Another underrated advantage of a text-based approach is that the input is visually similar to the expected result, reducing UI complexity and the gap between editing and output.

A web-friendly tech stack

Building everything from idea to design, backend, and frontend was a fun challenge. What started as a quick tool built for myself quickly became more significant, and I needed to learn quite a bit to make it work, including:

  • Tauri development ecosystem
  • Rust language basics
  • How to structure a large React app
  • How to sign and release an app to work well on macOS

As a developer mostly comfortable with the web, using Tauri felt less dauting that Swift. Also, it makes a future Windows release accessible.

The app is also supported by a Laravel web app that handles:

Generating valid blank files

One thing that I kept running into that I knew would be a problem is that binary files will not open when they're created programmatically. A 0 bytes file.txt is fine, but a 0 bytes file.docx won't open. The reasons why don't matter to the user, it will just look like a bug in the app to most users.

So I did what had to be done and gathered a large amount of minimal valid working blank files and put them in an open-source package, also accessible from a dedicated website, blankfiles.com.

When creating one of those formats, the app downloads the blank file locally and caches it. So that the file created will open smoothly in the right software.

The AI-assisted development process

This project was built with significant help from various AI tools.

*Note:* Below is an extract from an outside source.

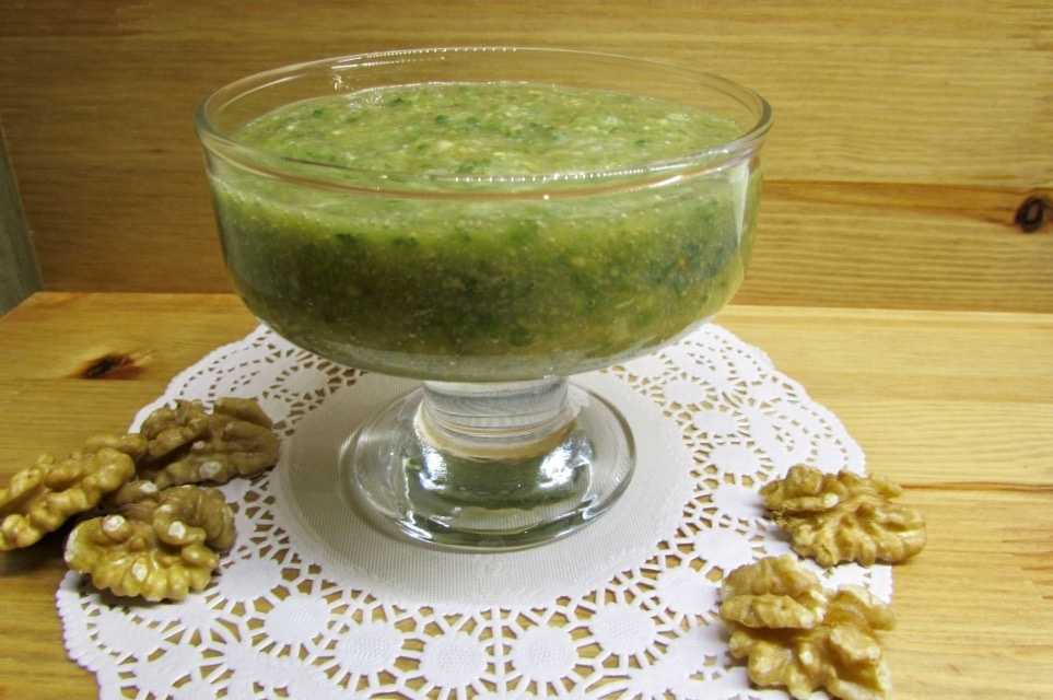 Еще один вариант джема – к прокрученной ягоде фейхоа добавить лимон и грецкие орехи.

It was particularly helpful with:

  • Exploring and prototyping ideas quickly
  • Working with Rust/Tauri, which was new to me
  • Accelerating the initial development

While AI tools were very useful, they weren't a complete solution. I don't think I would have been able to do this without some good programming fundamentals for things like:

  • Directing effectively
  • Identifying and fixing duplicated code
  • Refactoring and improving code quality
  • Managing version control and project direction

The initial prototype came together quickly - reaching about 60-70% completion in the first phase. However, the refinement phase involving features like:

  • Authentication
  • Payment processing
  • Bug fixes
  • Performance improvements
  • Testing

Required significant manual intervention and cleanup.

While AI tooling is great and advances quickly, my feeling after all this is that programming remains fundamentally a human task. The role has shifted more toward architecture and oversight rather than pure implementation.

Interestingly, even with AI assistance, many of the project's requirements and features were discovered during the building process rather than being fully specified upfront. If building is a combination of exploration and implementation, the process is not different with AI. The implementation part just happens faster, leaving more space for the exploration.